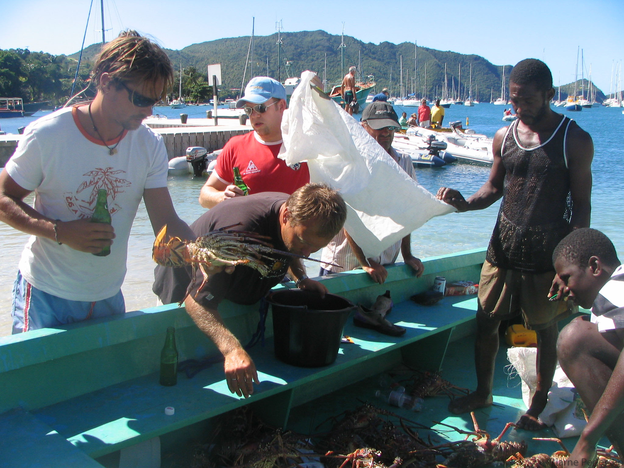 Ved solnedgang klokken seks om ettermiddagen samlet alle skandinaver seg på stranden for å spise julemiddagen. Vi hadde leid Willy til å arrangere grillfest på stranden for oss. Han hadde satt opp bord og benker og grillet masse deilig mat til oss, kylling og svinekjøtt. Willy, den hyggelige smykkemakeren, kunne daglig observeres der han seilte i den litte båten sin for å selge smykkene sine til seilerne.
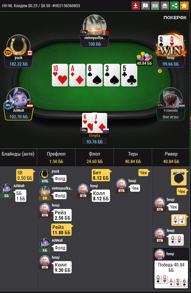 На днях в солвере была такая текстура и в ривере у него с большой частотой овербеты в пуше , но в моменте подумал что очень блефово и Ах могут отбить, по кривой линии, но сейчас склоняюсь, что даже AJ могу выбить.
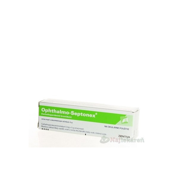 Masť OPHTHALMO-SEPTONEX má dezinfekčné účinky, vhodná na liečbu nehnisavých zápalov, pri zápaloch viečok a spojoviek.
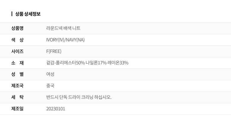 2. 색상 색상:IVORY(IV)/NAVY(NA)
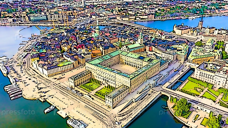 Стокгольм, Швеция. Королевский дворец. Яркая иллюстрация в мультяшном стиле. С высоты птичьего полета
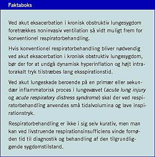 En anden metode til rekruttering af kollaberet lungevæv er respiratorbehandling med patienten i bugleje. Selv om disse tiltag, som efterhånden anvendes rutinemæssigt i klinisk praksis, fører til forbedring af oxygeneringsevnen, er der endnu ingen evidens for, at de bedrer prognosen, hverken hvad angår overlevelse eller restitution. Det samme gælder i øvrigt tiltag som inhalation af nitrogenoxid (NO) og prostacyklin, der begge sigter mod at reducere shunt ved at omdirigere blod fra ikkeventilerede til ventilerede lungeafsnit [8]. En vigtig implikation heraf er, at forekomst af hypoksæmi, medmindre den er meget svær, næppe i sig selv er afgørende for, hvorvidt patienten overlever. Derimod er der evidens for, at det har gavnlig effekt under respiratorbehandling at begrænse såvel inspiratoriske luftvejstryk (til højst 30-35 cmH2O) som tidalvolumina (til højst 6 ml/kg ideal legemsvægt), idet risikoen for sekundær, ofte mikroskopisk beskadigelse af lungevæv forårsaget af respiratorbehandlingen herved mindskes. En sådan sekundær lungeskade vil kunne initiere eller forstærke et systemisk inflammatorisk respons med multiorgandysfunktion og død til følge [9]. I en stor, randomiseret, kontrolleret klinisk undersøgelse fandt man således ved respiratorbehandling med sådanne begrænsninger sammenlignet med ved mere konventionelle respiratorindstillinger en absolut mortalitetsreduktion på 10% [10]. Med begrænsninger som anført vil det imidlertid ofte ikke være muligt i fuldt omfang at eliminere CO2, hvorfor hyperkapni til en vis grad må og kan accepteres. Ventilation ud fra disse principper omtales derfor også undertiden som permissive hypercapnia. Hyperkapni kan dog volde problemer for patienter med truende eller manifest forhøjelse af det intrakraniale tryk.
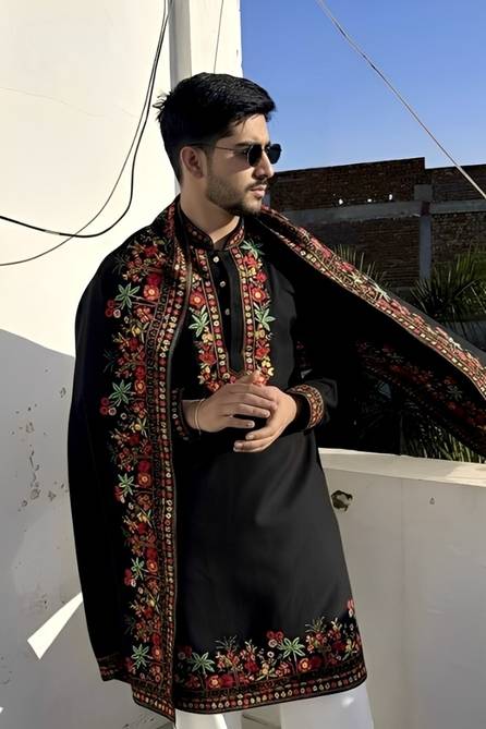 Elevate your ethnic style with this Dupion Silk Kurta and White pyjama set. Crafted from premium fabric, it offers a regal look with a refined finish. Perfect for festive occasions and celebrations.
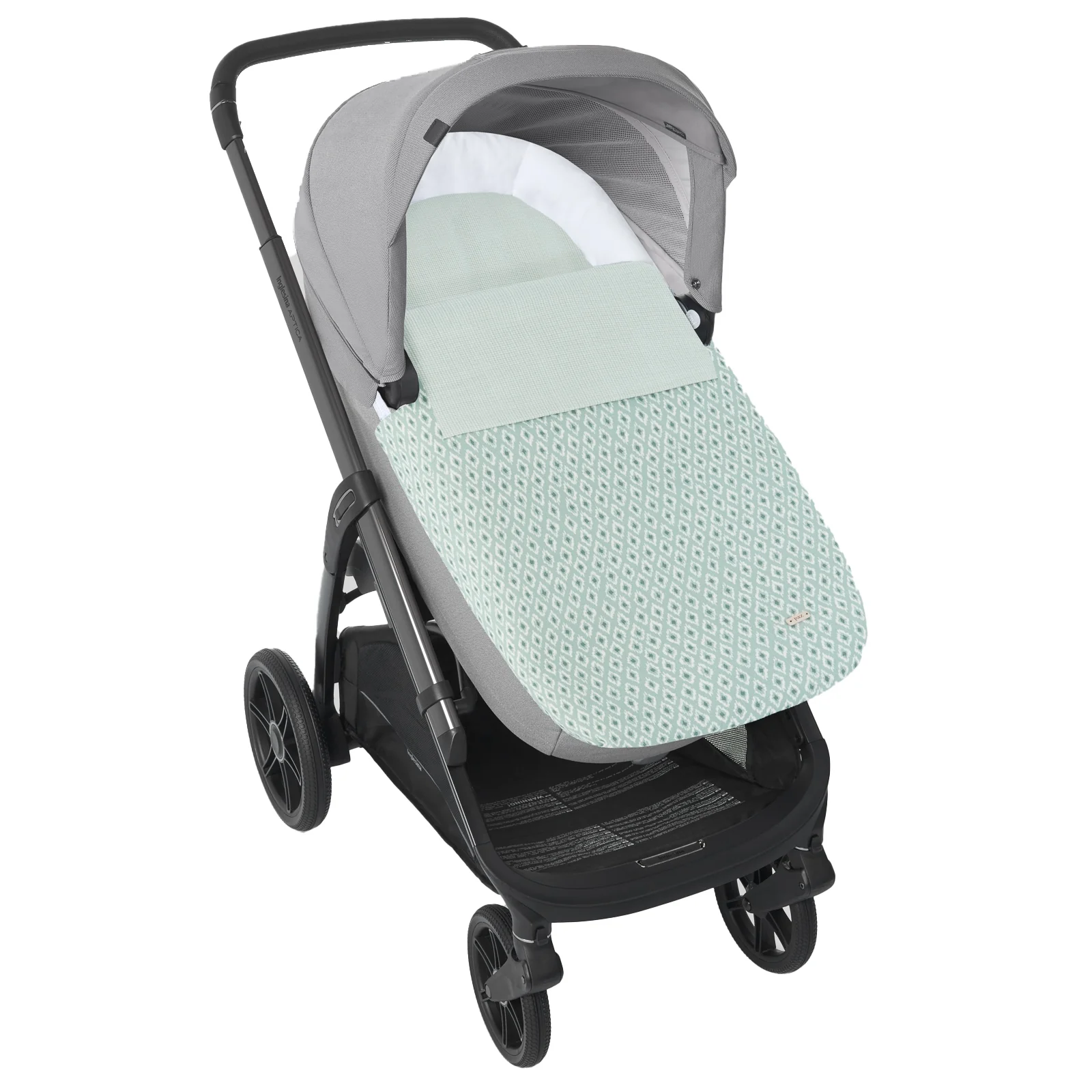 Colcha para capazo ajustable y reversible de piqué galleta jaspeado combinado con estampado de tortugas carey. Lleva un elástico en la parte inferior y se adapta a casi todos los capazos del mercado.
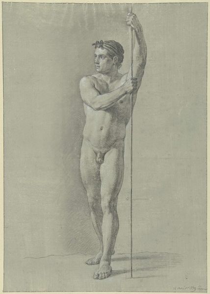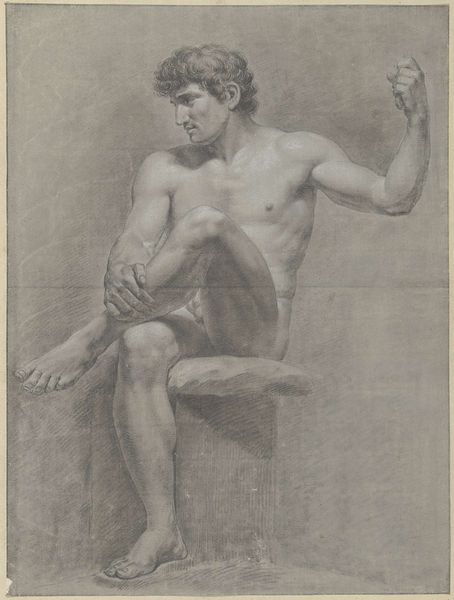 Editor: This drawing, "Studie naar het standbeeld van een bokser," possibly from 1779 by Jean Grandjean, is rendered in pencil and charcoal. The figure, a classical boxer, seems poised between defense and potential aggression. What strikes you most about the image? Curator: The enduring power of the human form to convey a narrative is striking here. This boxer is a conduit, channeling the cultural memory of athletic ideals and perhaps even, more subtly, the brutality inherent in those contests. Look at the intensity of the shading around the figure's torso - where does the symbolism of light and shadow take us? Editor: It seems to heighten the musculature and therefore the power but also suggests internal turmoil or perhaps the fleeting nature of strength? Curator: Exactly. Light has always signified knowledge or divine grace, whilst shadow obscures. Perhaps the interplay of light and shadow touches upon themes of glory and pain, echoing the rise and fall that so many cultures assign to champions. Notice too how the raised arm both asserts dominance and appears almost as a shield. How might such gestures resonate psychologically? Editor: Maybe the raised arm also implies protection or warning? It is about to deliver a blow. The drawing style is quite academic and realistic; were similar studies prevalent at this time? Curator: Precisely, during the late 18th century, academic studies were important to understand and refine classical ideals of the human body, almost a revival. I wonder, what feelings does this particular image stir in you, given what we now understand about athletic performance and sacrifice? Editor: I now better understand how the artist's rendering uses symbolic language of light and form to layer a complex psychological narrative within a seemingly simple figural study. Curator: Indeed. And with each gaze, and perhaps each generation, new interpretations and symbolic significance emerge, carried within these enduring forms.
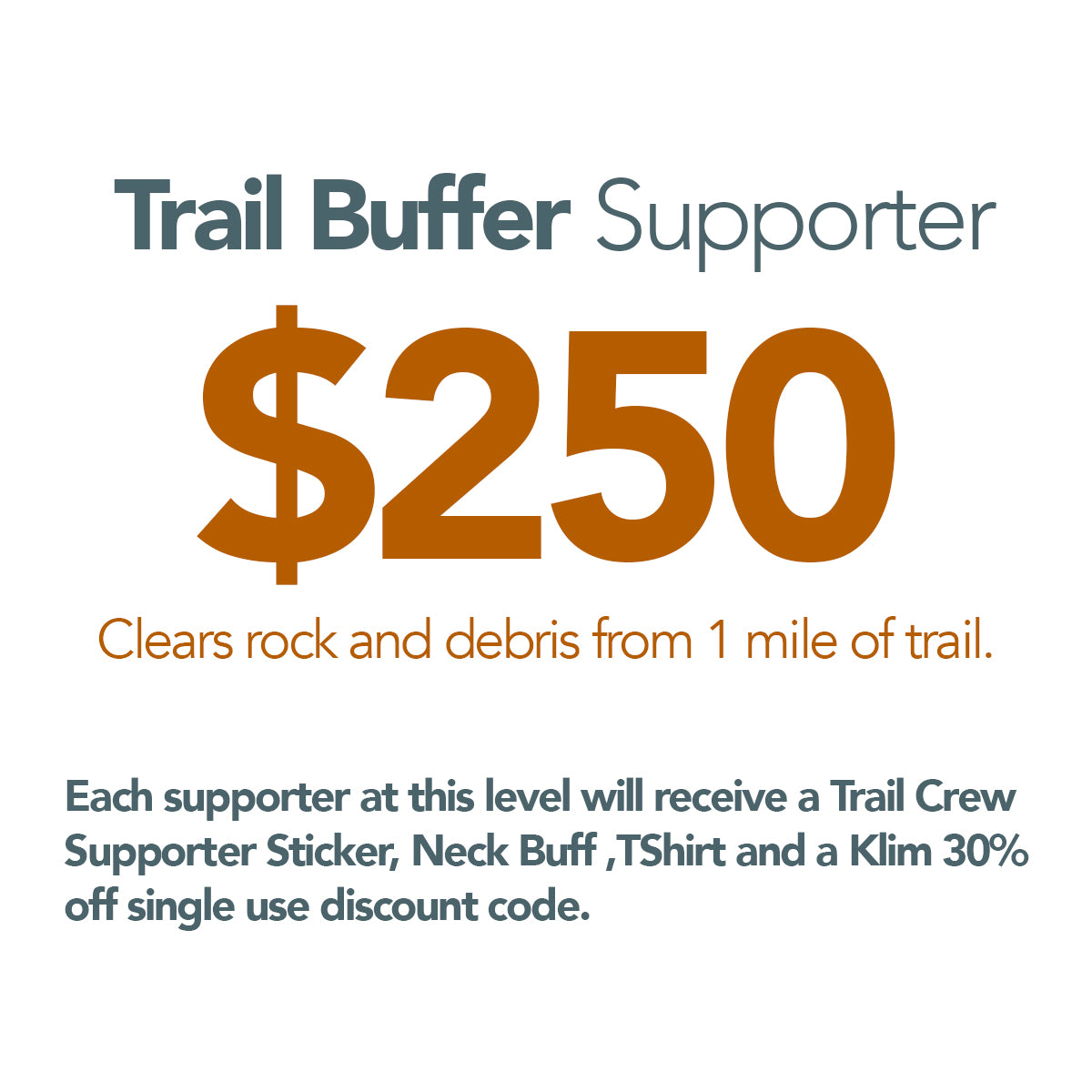 Each supporter at this level will receive a Trail Crew Supporter Sticker, Neck Buff, T-Shirt and a Klim 30% off single use discount code.
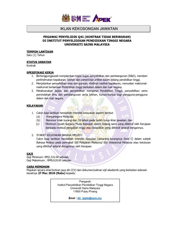 Iklan Kini Jawatan Kosong Universiti Sains Malaysia (USM) Like serta Ikut Facebook Kami, follow Chanel WhatsApp Jawatan Kosong & Telegram Portal SPA9 untuk capaian pantas kekosongan jawatan daripada kami sekarang.
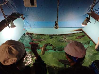 クラスごとに、ペンギンタッチと魚へ餌やりをしました。
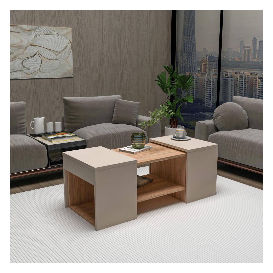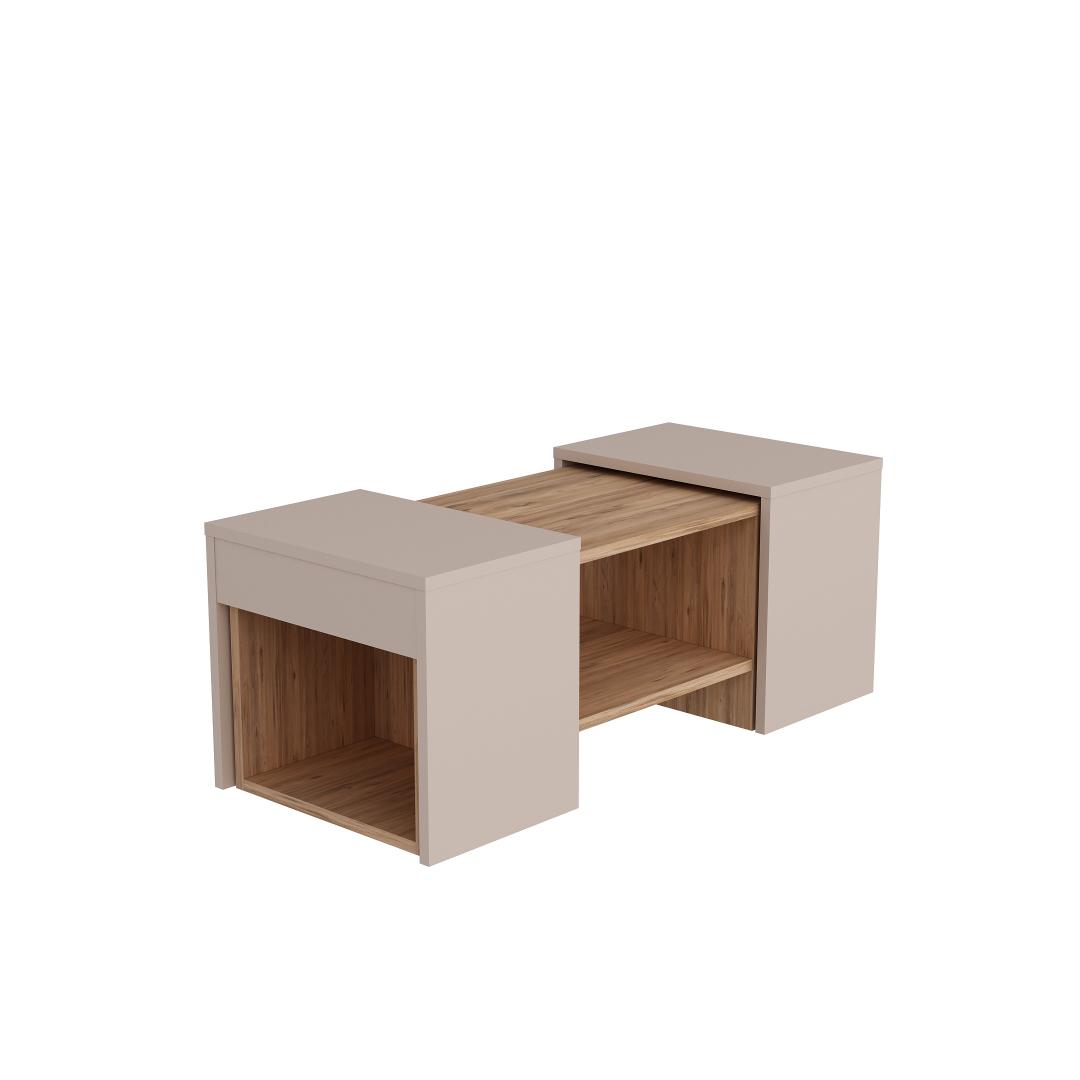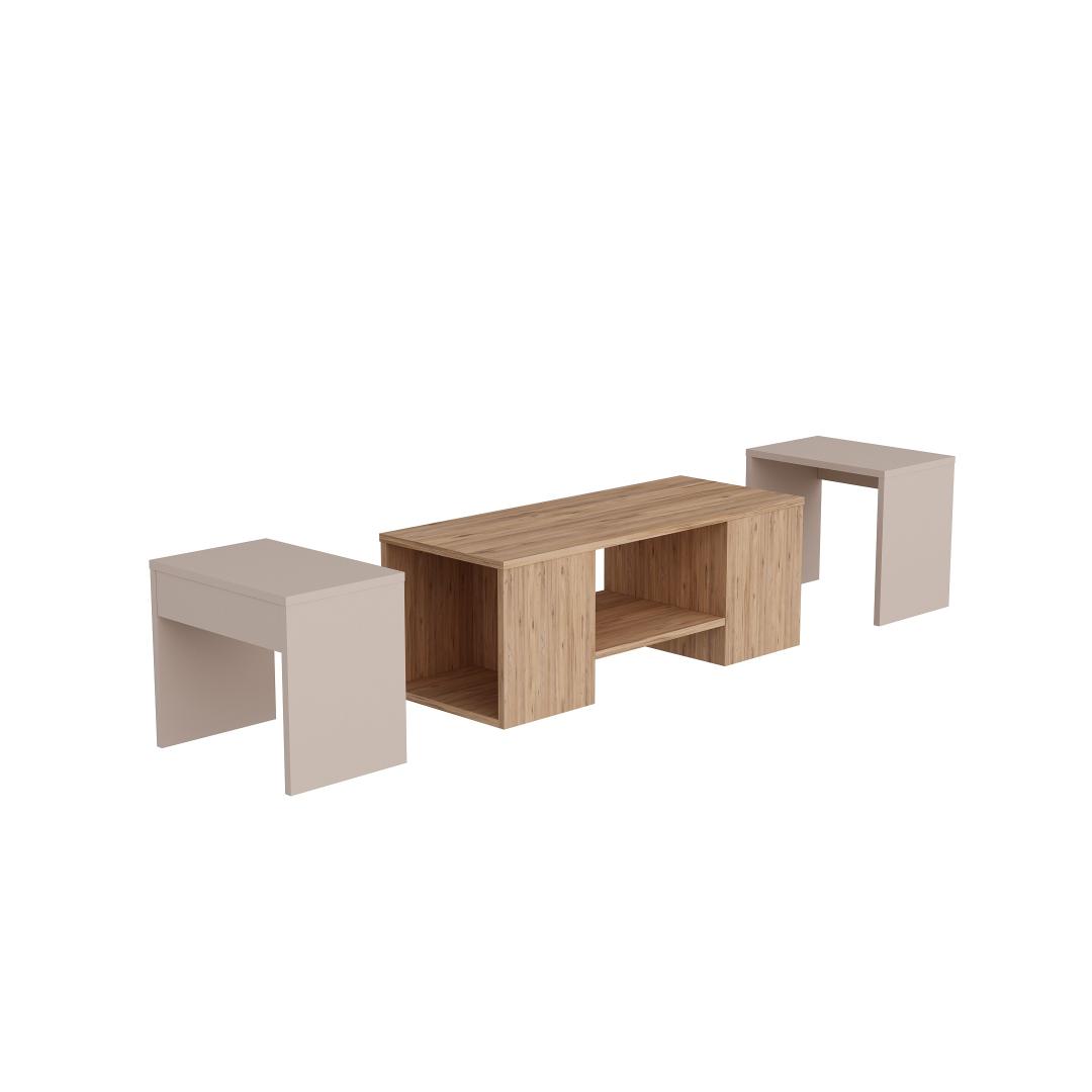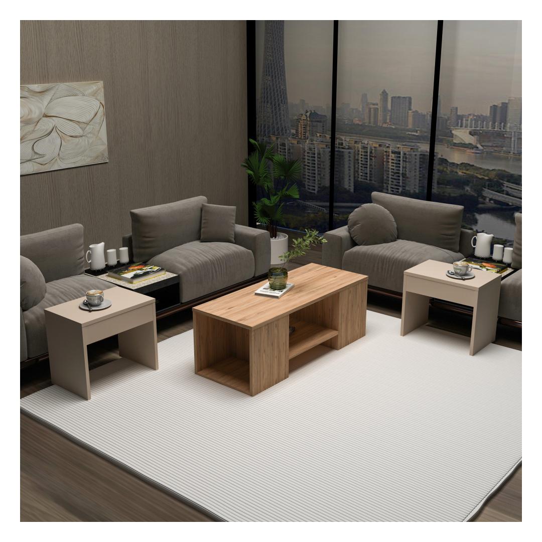 Atlandi männi ja beeži värvikombinatsioon lisab igasse ruumi elegantsust, samas kui kohvilaud ja kaks küljelaua elegantset ja moodsat disaini, mis koheselt teie eluruumi uuendavad.
***
#### [BRIEF]
Reproduce all of the material exactly, apart from the pictures.

#### [REPLY TO THE TASK]
 Ved solnedgang klokken seks om ettermiddagen samlet alle skandinaver seg på stranden for å spise julemiddagen. Vi hadde leid Willy til å arrangere grillfest på stranden for oss. Han hadde satt opp bord og benker og grillet masse deilig mat til oss, kylling og svinekjøtt. Willy, den hyggelige smykkemakeren, kunne daglig observeres der han seilte i den litte båten sin for å selge smykkene sine til seilerne.
 На днях в солвере была такая текстура и в ривере у него с большой частотой овербеты в пуше , но в моменте подумал что очень блефово и Ах могут отбить, по кривой линии, но сейчас склоняюсь, что даже AJ могу выбить.
 Masť OPHTHALMO-SEPTONEX má dezinfekčné účinky, vhodná na liečbu nehnisavých zápalov, pri zápaloch viečok a spojoviek.
 2. 색상 색상:IVORY(IV)/NAVY(NA)
 Стокгольм, Швеция. Королевский дворец. Яркая иллюстрация в мультяшном стиле. С высоты птичьего полета
 En anden metode til rekruttering af kollaberet lungevæv er respiratorbehandling med patienten i bugleje. Selv om disse tiltag, som efterhånden anvendes rutinemæssigt i klinisk praksis, fører til forbedring af oxygeneringsevnen, er der endnu ingen evidens for, at de bedrer prognosen, hverken hvad angår overlevelse eller restitution. Det samme gælder i øvrigt tiltag som inhalation af nitrogenoxid (NO) og prostacyklin, der begge sigter mod at reducere shunt ved at omdirigere blod fra ikkeventilerede til ventilerede lungeafsnit [8]. En vigtig implikation heraf er, at forekomst af hypoksæmi, medmindre den er meget svær, næppe i sig selv er afgørende for, hvorvidt patienten overlever. Derimod er der evidens for, at det har gavnlig effekt under respiratorbehandling at begrænse såvel inspiratoriske luftvejstryk (til højst 30-35 cmH2O) som tidalvolumina (til højst 6 ml/kg ideal legemsvægt), idet risikoen for sekundær, ofte mikroskopisk beskadigelse af lungevæv forårsaget af respiratorbehandlingen herved mindskes. En sådan sekundær lungeskade vil kunne initiere eller forstærke et systemisk inflammatorisk respons med multiorgandysfunktion og død til følge [9]. I en stor, randomiseret, kontrolleret klinisk undersøgelse fandt man således ved respiratorbehandling med sådanne begrænsninger sammenlignet med ved mere konventionelle respiratorindstillinger en absolut mortalitetsreduktion på 10% [10]. Med begrænsninger som anført vil det imidlertid ofte ikke være muligt i fuldt omfang at eliminere CO2, hvorfor hyperkapni til en vis grad må og kan accepteres. Ventilation ud fra disse principper omtales derfor også undertiden som permissive hypercapnia. Hyperkapni kan dog volde problemer for patienter med truende eller manifest forhøjelse af det intrakraniale tryk.
 Elevate your ethnic style with this Dupion Silk Kurta and White pyjama set. Crafted from premium fabric, it offers a regal look with a refined finish. Perfect for festive occasions and celebrations.
 Colcha para capazo ajustable y reversible de piqué galleta jaspeado combinado con estampado de tortugas carey. Lleva un elástico en la parte inferior y se adapta a casi todos los capazos del mercado.
 Editor: This drawing, "Studie naar het standbeeld van een bokser," possibly from 1779 by Jean Grandjean, is rendered in pencil and charcoal. The figure, a classical boxer, seems poised between defense and potential aggression. What strikes you most about the image? Curator: The enduring power of the human form to convey a narrative is striking here. This boxer is a conduit, channeling the cultural memory of athletic ideals and perhaps even, more subtly, the brutality inherent in those contests. Look at the intensity of the shading around the figure's torso - where does the symbolism of light and shadow take us? Editor: It seems to heighten the musculature and therefore the power but also suggests internal turmoil or perhaps the fleeting nature of strength? Curator: Exactly. Light has always signified knowledge or divine grace, whilst shadow obscures. Perhaps the interplay of light and shadow touches upon themes of glory and pain, echoing the rise and fall that so many cultures assign to champions. Notice too how the raised arm both asserts dominance and appears almost as a shield. How might such gestures resonate psychologically? Editor: Maybe the raised arm also implies protection or warning? It is about to deliver a blow. The drawing style is quite academic and realistic; were similar studies prevalent at this time? Curator: Precisely, during the late 18th century, academic studies were important to understand and refine classical ideals of the human body, almost a revival. I wonder, what feelings does this particular image stir in you, given what we now understand about athletic performance and sacrifice? Editor: I now better understand how the artist's rendering uses symbolic language of light and form to layer a complex psychological narrative within a seemingly simple figural study. Curator: Indeed. And with each gaze, and perhaps each generation, new interpretations and symbolic significance emerge, carried within these enduring forms.
 Each supporter at this level will receive a Trail Crew Supporter Sticker, Neck Buff, T-Shirt and a Klim 30% off single use discount code.
 Iklan Kini Jawatan Kosong Universiti Sains Malaysia (USM) Like serta Ikut Facebook Kami, follow Chanel WhatsApp Jawatan Kosong & Telegram Portal SPA9 untuk capaian pantas kekosongan jawatan daripada kami sekarang.
 クラスごとに、ペンギンタッチと魚へ餌やりをしました。
 Atlandi männi ja beeži värvikombinatsioon lisab igasse ruumi elegantsust, samas kui kohvilaud ja kaks küljelaua elegantset ja moodsat disaini, mis koheselt teie eluruumi uuendavad.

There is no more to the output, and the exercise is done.